The IOBuffer was used as an example in place of a file handle (from open(filename)), so you could avoid creating the initial string in the first place; but I’m not sure if/how much that would change the performance.

It’s because String is an iterable object over individual Char, and Iterators.partition partitions an iterable into sections of its eltype.

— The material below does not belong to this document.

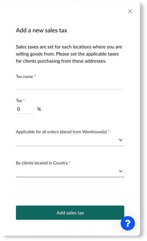 Sales tax rates vary by country, and often by regions within a country (states, provinces, territories, or municipalities). To ensure correct billing and payment processing, you are responsible for entering the applicable taxes in this section of the platform.

Returning a String would break that contract, as well as force an allocation for each individual String, since they are immutable objects.

The fastest way to use Iterators.partition is

split8_3(str::String) = String.(Iterators.partition(str, 8))

but it still takes 1μs

I should have said SubString.

Since you have this:

julia> collect(Iterators.partition(1:5, 2))
3-element Vector{UnitRange{Int64}}:
 1:2
 3:4
 5:5

and

julia> collect(Iterators.partition([1,2,3,4,5], 2))
  3-element Vector{SubArray{Int64, 1, Vector{Int64}, Tuple{UnitRange{Int64}}, true}}:
   [1, 2]
   [3, 4]
   [5]

why can’t a partition over String return a Substring? A SubString is to a String as a SubArray is to an Array, isn’t it?

The docstring of partition just says

Iterate over a collection n elements at a time.

which is vague enough as far as I can tell.

Substring would be a good specialization here, yes.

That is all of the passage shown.